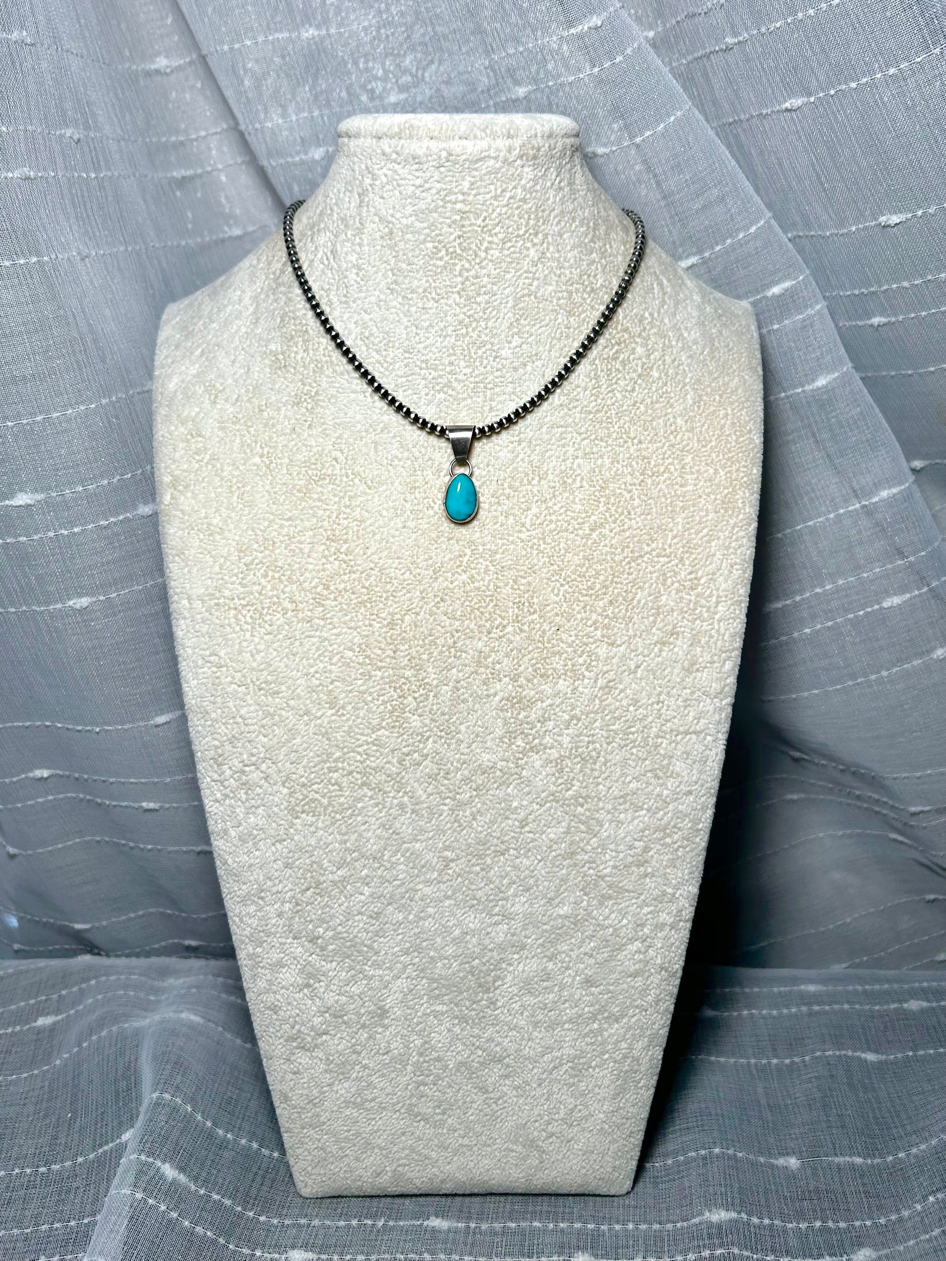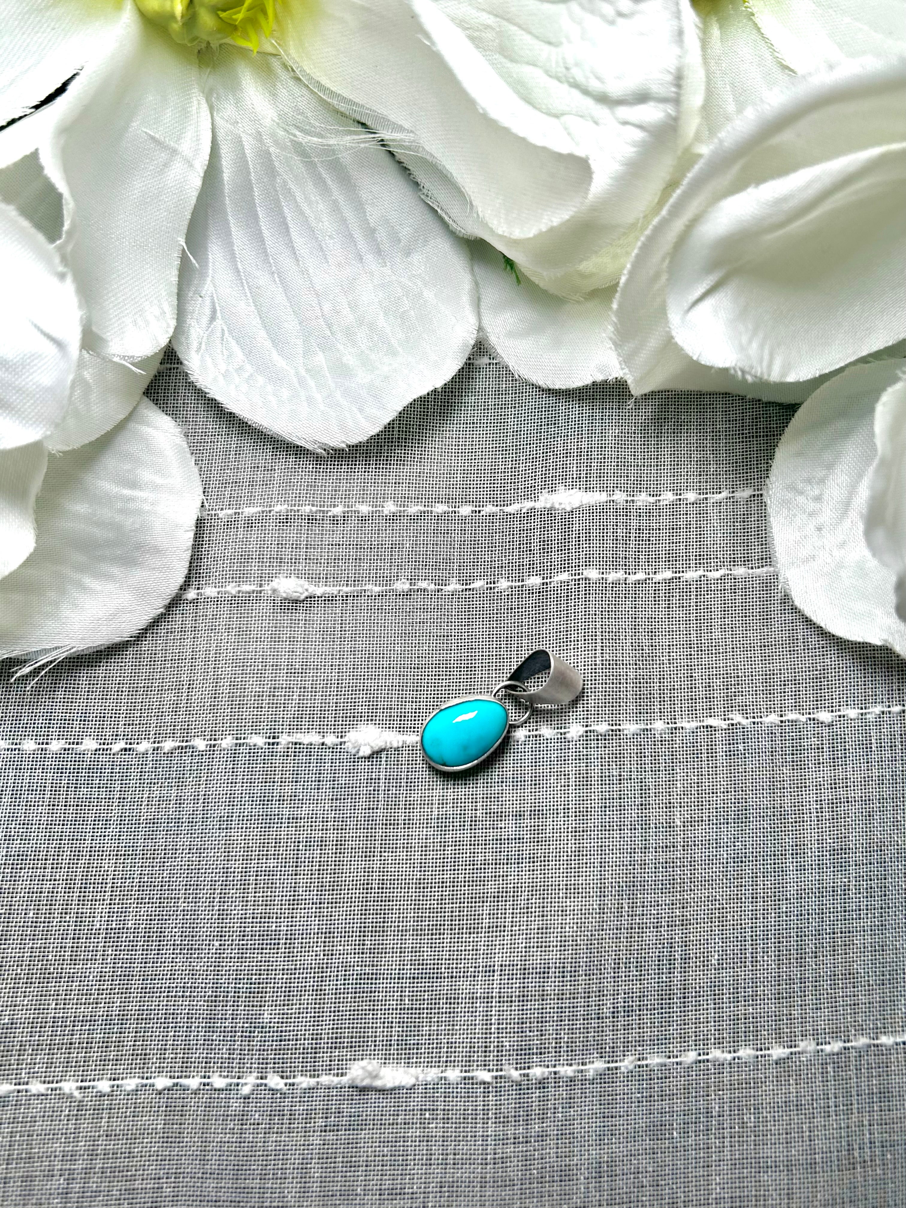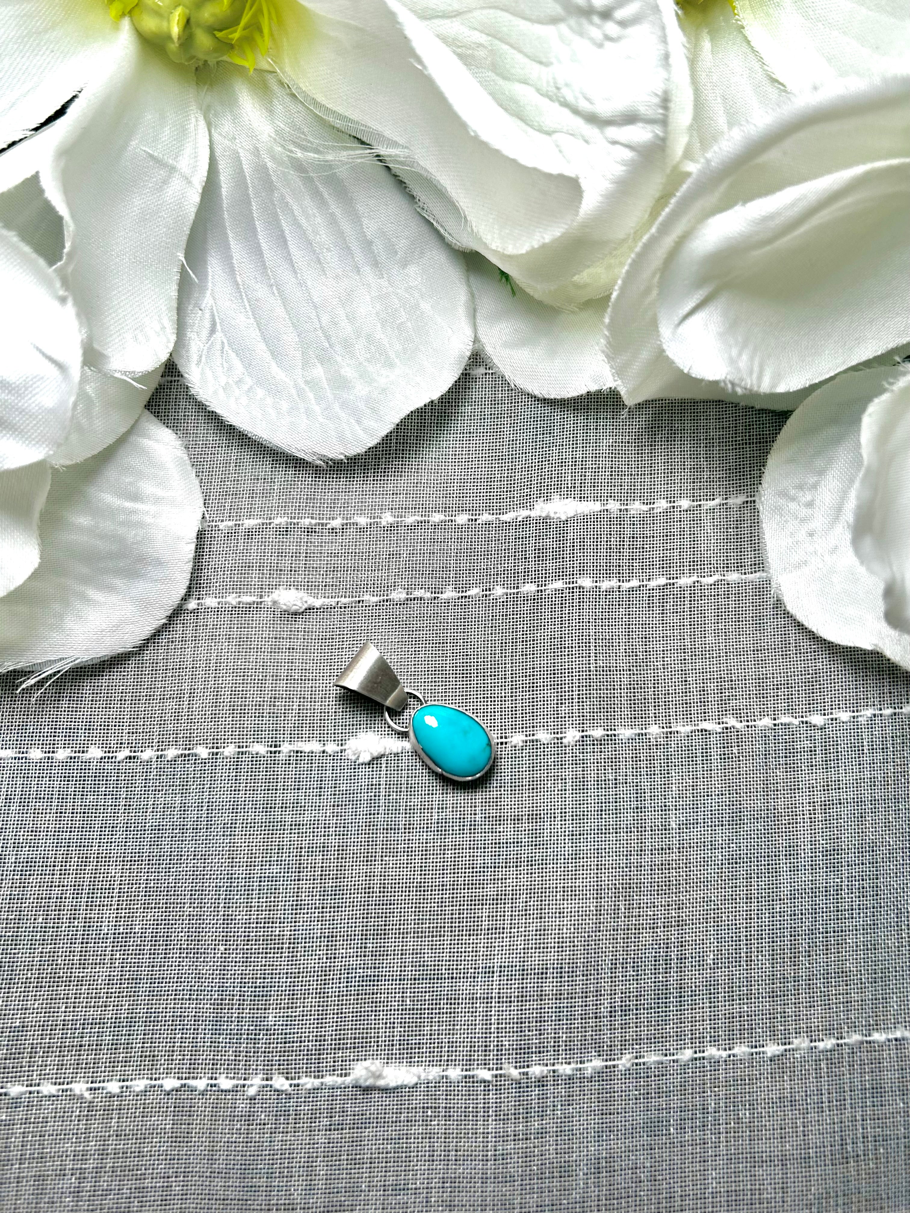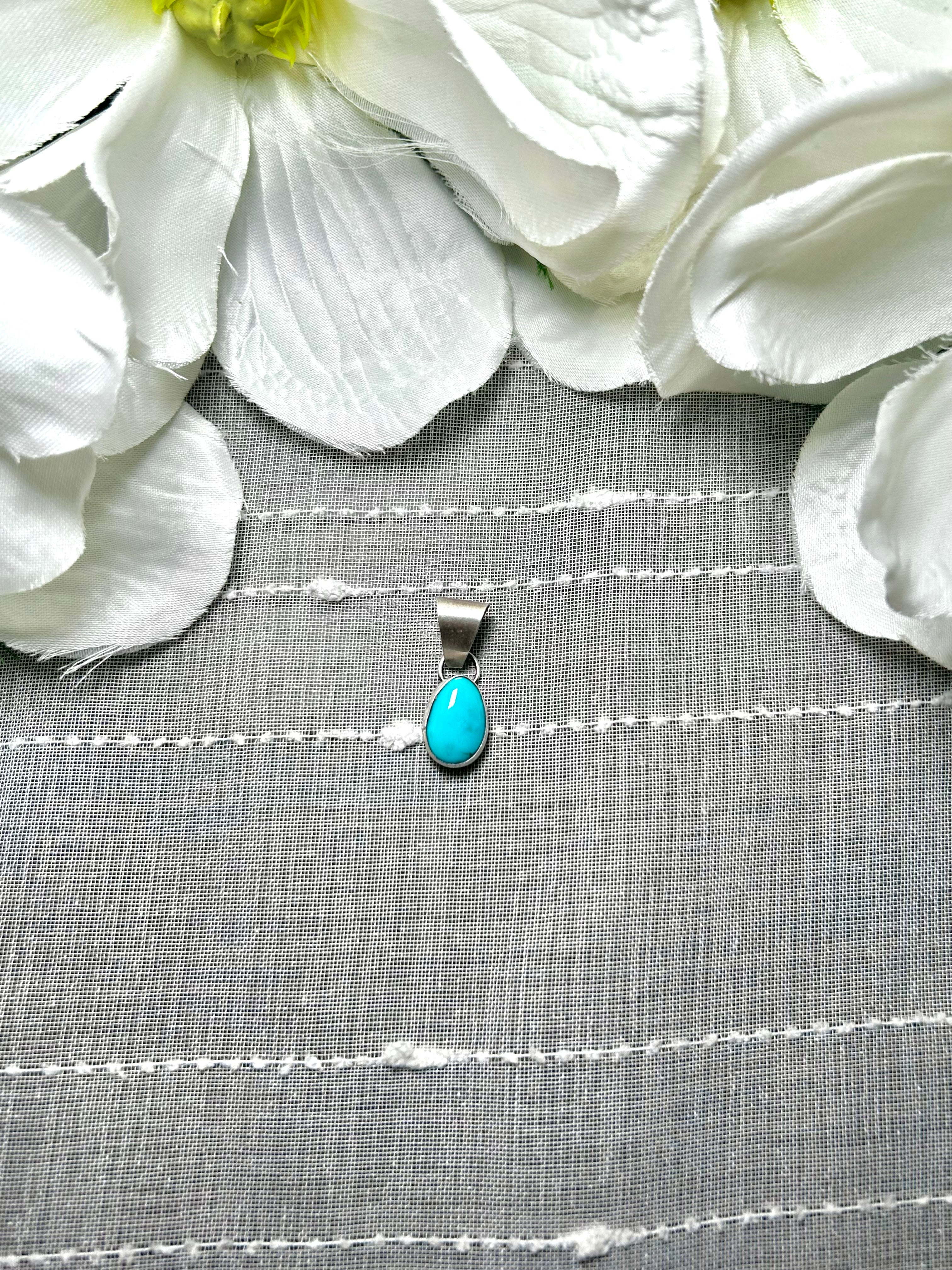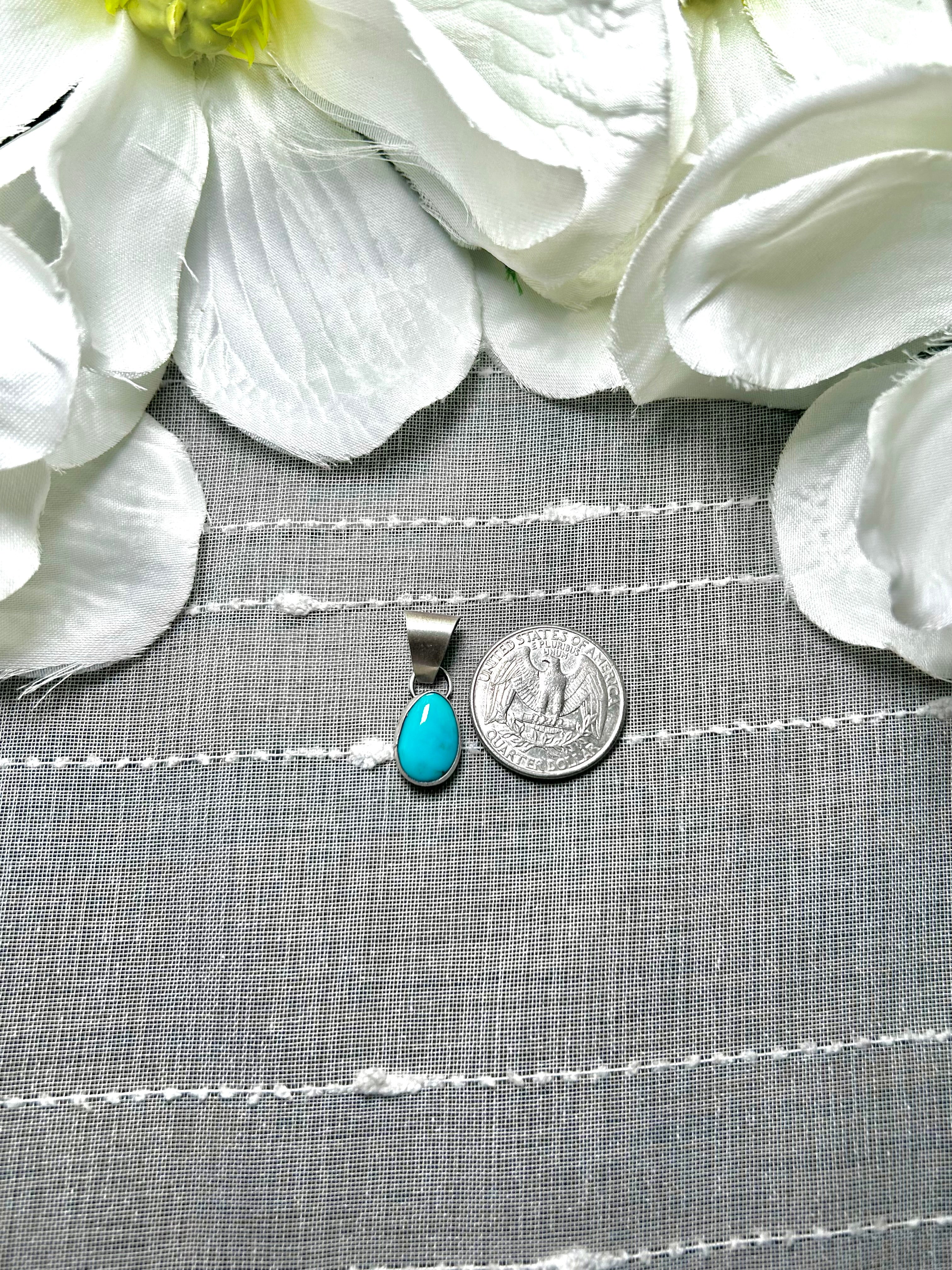 Navajo Made Kingman Turquoise & Sterling Silver Pendant. It measures 1 inch long and 3/8 of an inch wide. Pendant Only! Signed by the artist and stamped sterling silver.
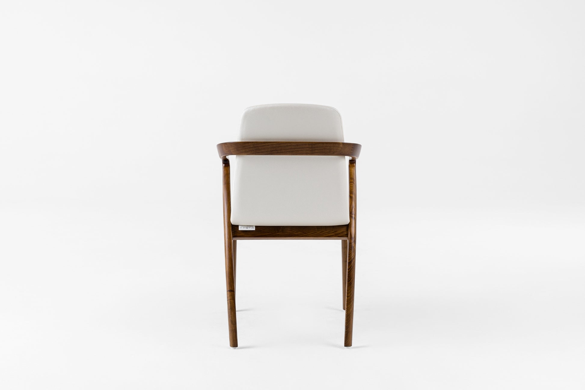 The Modrest Falcon Modern Walnut and Cream Dining Chair features an extraordinary Mid-Century design. The curved back legs form part of the armrests and back support to create a seamless silhouette while the leatherette upholstery adds texture and contemporary style. It has a sleek walnut finished ash wood frame that adds a modern naturalism.
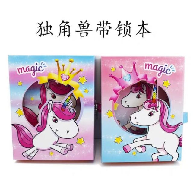 Cartoon Unicorn Diary With Lock Notebook Gift Box Package Shopee
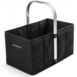 Praktický skládací nákupní košík z omyvatelného, vodoodpudivého a odolného materiálu se solidním hliníkovým uchem. Dno s vyjímatelnou podložkou. Elastická gumička, která drží koš ve složeném stavu. Tištěné logo Škoda na obou stranách v barvě electric green.
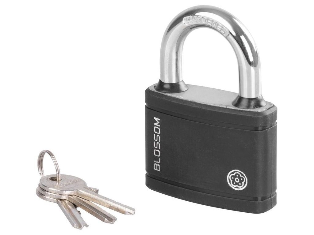 Zámok Blossom je určený na uzamykanie brán, dverí a skríň. Je to visiaci zámok so šírkou 60 mm. Súčasťou sú aj 3 náhradné kľúče.
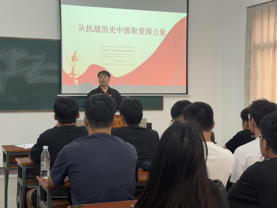 为深化党史学习教育,厚植青年学子家国情怀,2025年10月19日,yl6776永利集团电气工程系学生第二党支部联合系团总支、文韬书院功能型党支部共同开展“重温抗战岁月,弘扬爱国精神”主题党团共建活动。通过沉浸式历史学习、红色实践与互动交流,引导青年学子穿越历史时空,感悟革命精神。
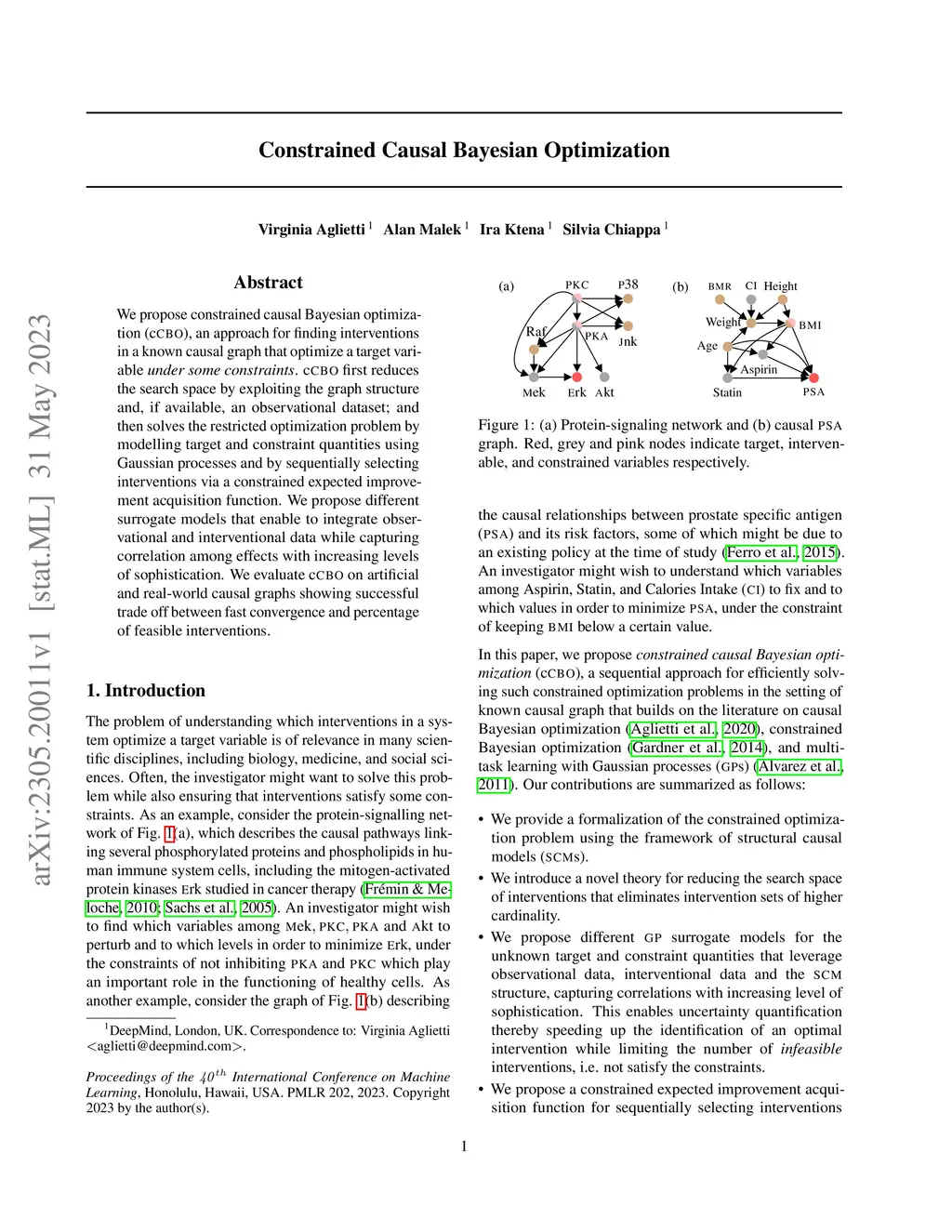 We propose constrained causal Bayesian optimization (cCBO), an approach for finding interventions in a known causal graph that optimize a target variable under some constraints. cCBO first reduces the search space by exploiting the graph structure and, if available, an observational dataset; and then solves the restricted optimization problem by modelling target and constraint quantities using Gaussian processes and by sequentially selecting interventions via a constrained expected improvement acquisition function. We propose different surrogate models that enable to integrate observational and interventional data while capturing correlation among effects with increasing levels of sophistication. We evaluate cCBO on artificial and real-world causal graphs showing successful trade off between fast convergence and percentage of feasible interventions.
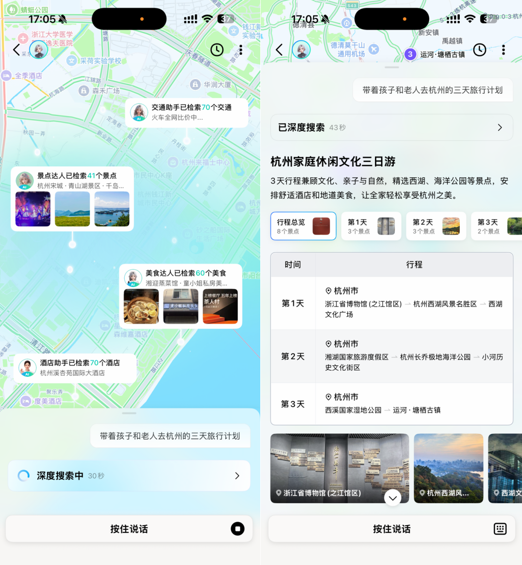 例如用戶可以用語音向小高老師提問:“帶著孩子和老人去杭州的三天旅行計劃”。小高老師就能精準解析需求,基于模型能力推理思考后調用出行服務子智能體,將完整解決方案提供給用戶,用選擇相應目的地后即可一鍵查看路線,導航前往。
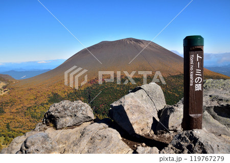 浅間山外輪山の蛇骨岳山頂標識 背景は浅間山と剣ケ峰 2023年9月19日
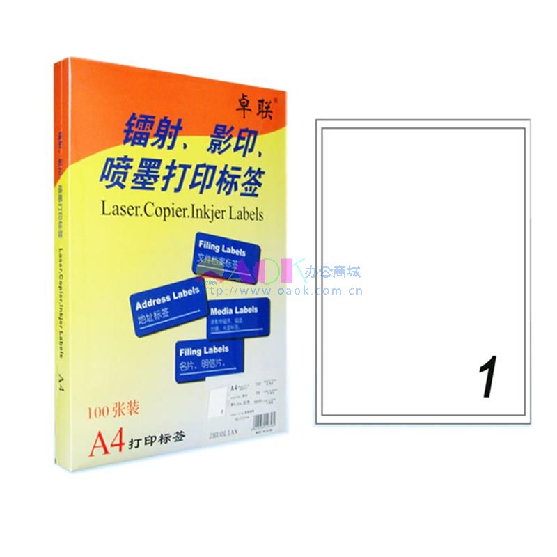 - 商品名称:卓联100页打印标签 210*297mm ZL2601C黄底
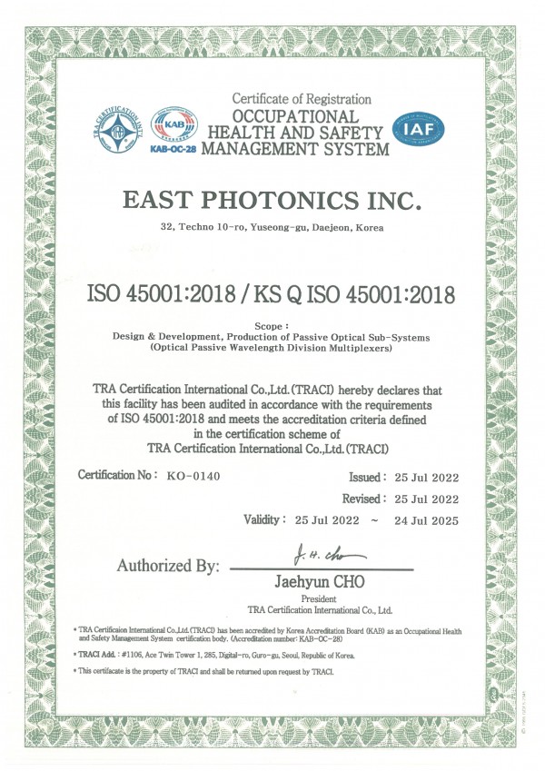 Certificate of Safe and Healthy Management System (English)

* [Problem statement]: Please quote the lines of the material, beginning with the first and ending with the one that contains "Praktický skládací nákupní", exactly as written and without any pictures.

* [Task answer]:
 Navajo Made Kingman Turquoise & Sterling Silver Pendant. It measures 1 inch long and 3/8 of an inch wide. Pendant Only! Signed by the artist and stamped sterling silver.
 The Modrest Falcon Modern Walnut and Cream Dining Chair features an extraordinary Mid-Century design. The curved back legs form part of the armrests and back support to create a seamless silhouette while the leatherette upholstery adds texture and contemporary style. It has a sleek walnut finished ash wood frame that adds a modern naturalism.
 Cartoon Unicorn Diary With Lock Notebook Gift Box Package Shopee
 Praktický skládací nákupní košík z omyvatelného, vodoodpudivého a odolného materiálu se solidním hliníkovým uchem. Dno s vyjímatelnou podložkou. Elastická gumička, která drží koš ve složeném stavu. Tištěné logo Škoda na obou stranách v barvě electric green.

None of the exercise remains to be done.